Developing

Cameron in Liberia: What next for millenium development goals?

Key world leaders will be considering how far they have come in achieving the aims of the MDGs, and what the next steps are from here.

Prime Minister David Cameron is in Liberia, where he has called for the next wave of international development to focus on extreme poverty.

Mr Cameron will co-chair a meeting of the UN's high-level panel to decide what targets to bring in after the Millennium Development Goals (MDG) expire in 2015.

Key world leaders will be considering how far they have come in achieving the aims of the MDG, and what the next steps are from here.

The MDG centres around eight goals - ending poverty and hunger, universal education, gender equality, child health, maternal health, combating HIV/AIDS, environmental sustainability and global partnership.

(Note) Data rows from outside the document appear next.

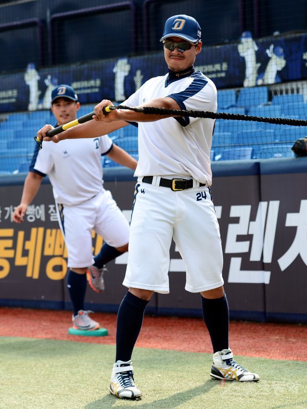 28일 창원 마산야구장에서 ‘2017 타이어뱅크 KBO리그’ NC 다이노스와 넥센 히어로즈의 경기가 열린다. 경기전 NC 조영훈이 훈련을 펼치고 있다.
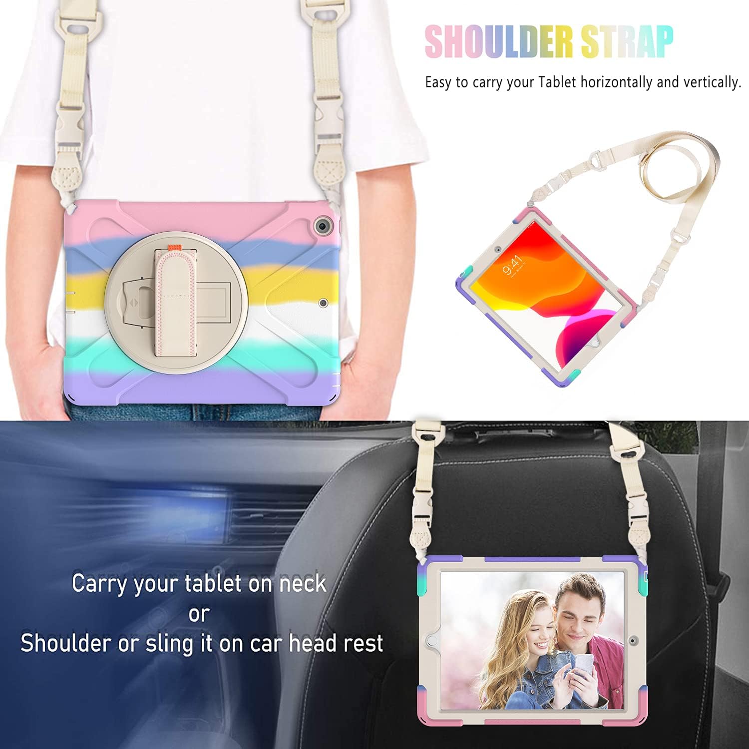 - Removable Shoulder Strap: Attach the strap to any two corner holes of this iPad 10.2 Case and it will allow you to display your iPad behind car head rest for easy personal viewing or between two seats for shared viewing. It is also a unique design for kids walking/travelling, architecture designers, real estate agents, construction workers as well as outdoor labor
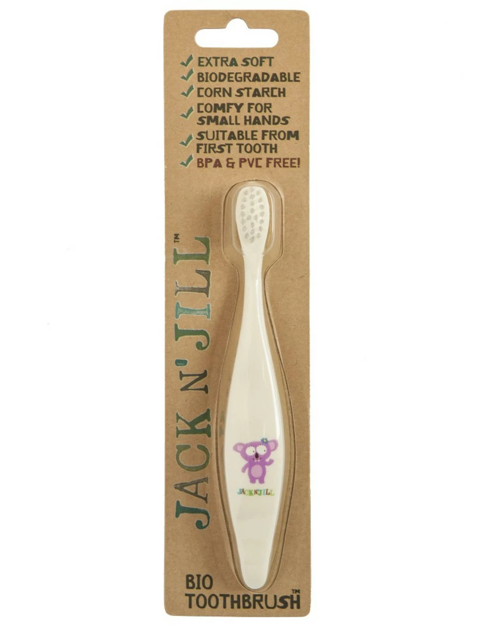 With a comfy handle designed specially for small hands and made from 100% corn starch (non GMO), this is a great first toothbrush. The soft nylon bristles are recyclable, BPA, PVC & Phthalate free
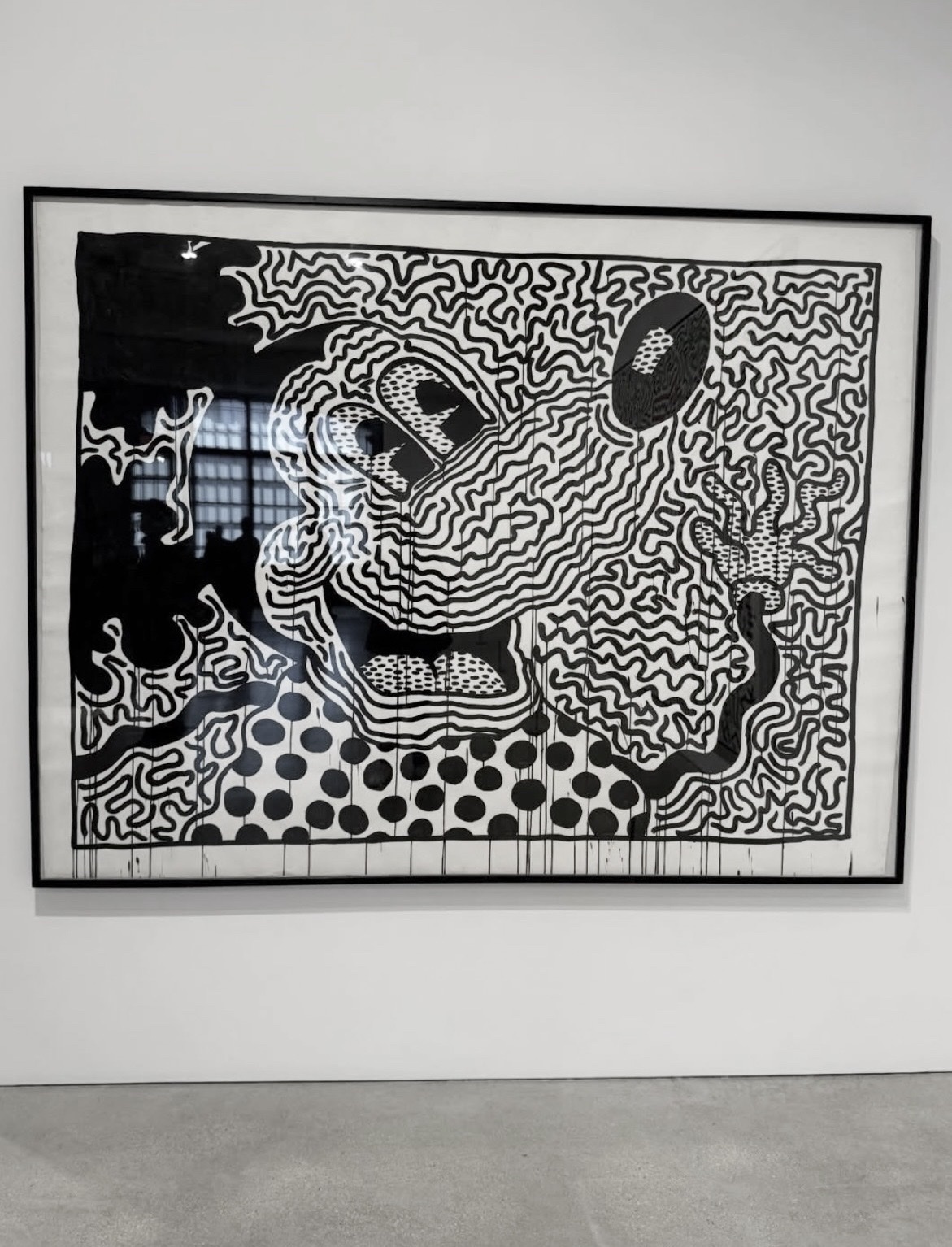 A striking black and white screenprint featuring Keith Haring's signature bold graphic style with interlocking organic forms, dotted patterns, and maze-like linework. The composition includes characteristic biomorphic shapes rendered in high contrast with dripping paint effects along the bottom edge. This work exemplifies Haring's visual language of accessibility and energy, combining pop culture aesthetics with abstract expressionist sensibilities.

Mr Cameron said ahead of his visit to Liberia that bolstering security and civil structures was also crucial, alongside aid measures.

Regional officials have given their verdict on whether the MDGs are working - experts in Latin American and the Caribbean, for example, say goals on inequality, global finance and the environment have been missed.

Charities are urging the United Nations' High Level Panel meeting to tackle global child poverty (PA)

ECLAC (Economic Commission for Latin America and the Caribbean) Executive Secretary, Alicia Bárcena, said: "This region has made a lot of efforts but there remain structural gaps that impede the region's sustainable development. [...] 57 million people were taken out of poverty, buy how do we sustain these results when we have a highly indebted middle class?"

Last summer, the UN said it had met three targets of the MDGs relating to poverty, slums and water.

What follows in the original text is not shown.